Read the records below. Copy each line where the string "with" occurs.

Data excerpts
'''
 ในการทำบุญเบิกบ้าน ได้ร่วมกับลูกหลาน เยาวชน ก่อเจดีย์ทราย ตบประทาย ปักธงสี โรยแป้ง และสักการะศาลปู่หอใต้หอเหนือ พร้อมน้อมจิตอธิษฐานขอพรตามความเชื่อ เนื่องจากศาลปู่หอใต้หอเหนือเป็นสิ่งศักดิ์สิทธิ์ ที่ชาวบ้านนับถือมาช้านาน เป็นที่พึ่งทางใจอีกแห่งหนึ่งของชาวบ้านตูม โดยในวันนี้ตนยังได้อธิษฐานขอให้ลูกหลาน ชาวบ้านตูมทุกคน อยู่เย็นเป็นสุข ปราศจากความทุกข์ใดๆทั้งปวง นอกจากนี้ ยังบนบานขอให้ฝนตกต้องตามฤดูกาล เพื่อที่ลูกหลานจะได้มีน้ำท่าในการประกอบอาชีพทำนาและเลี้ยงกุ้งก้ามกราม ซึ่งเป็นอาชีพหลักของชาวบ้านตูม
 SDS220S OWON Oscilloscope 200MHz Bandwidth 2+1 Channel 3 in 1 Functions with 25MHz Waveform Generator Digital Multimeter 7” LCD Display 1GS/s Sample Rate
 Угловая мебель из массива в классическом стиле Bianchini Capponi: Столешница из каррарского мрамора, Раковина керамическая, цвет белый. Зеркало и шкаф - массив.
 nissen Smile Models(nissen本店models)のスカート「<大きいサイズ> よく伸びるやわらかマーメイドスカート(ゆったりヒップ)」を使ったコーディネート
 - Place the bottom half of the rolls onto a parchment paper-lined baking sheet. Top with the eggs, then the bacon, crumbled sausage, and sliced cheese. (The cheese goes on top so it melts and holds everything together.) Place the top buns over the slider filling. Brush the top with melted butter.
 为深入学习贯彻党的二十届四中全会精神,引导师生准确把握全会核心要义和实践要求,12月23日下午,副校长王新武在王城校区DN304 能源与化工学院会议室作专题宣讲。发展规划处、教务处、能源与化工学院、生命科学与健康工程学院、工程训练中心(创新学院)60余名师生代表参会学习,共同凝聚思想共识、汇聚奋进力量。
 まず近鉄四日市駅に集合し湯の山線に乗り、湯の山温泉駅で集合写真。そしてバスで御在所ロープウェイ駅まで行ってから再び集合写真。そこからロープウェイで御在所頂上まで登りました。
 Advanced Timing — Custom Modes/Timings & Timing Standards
'''
▸ Your response:
 SDS220S OWON Oscilloscope 200MHz Bandwidth 2+1 Channel 3 in 1 Functions with 25MHz Waveform Generator Digital Multimeter 7” LCD Display 1GS/s Sample Rate
 - Place the bottom half of the rolls onto a parchment paper-lined baking sheet. Top with the eggs, then the bacon, crumbled sausage, and sliced cheese. (The cheese goes on top so it melts and holds everything together.) Place the top buns over the slider filling. Brush the top with melted butter.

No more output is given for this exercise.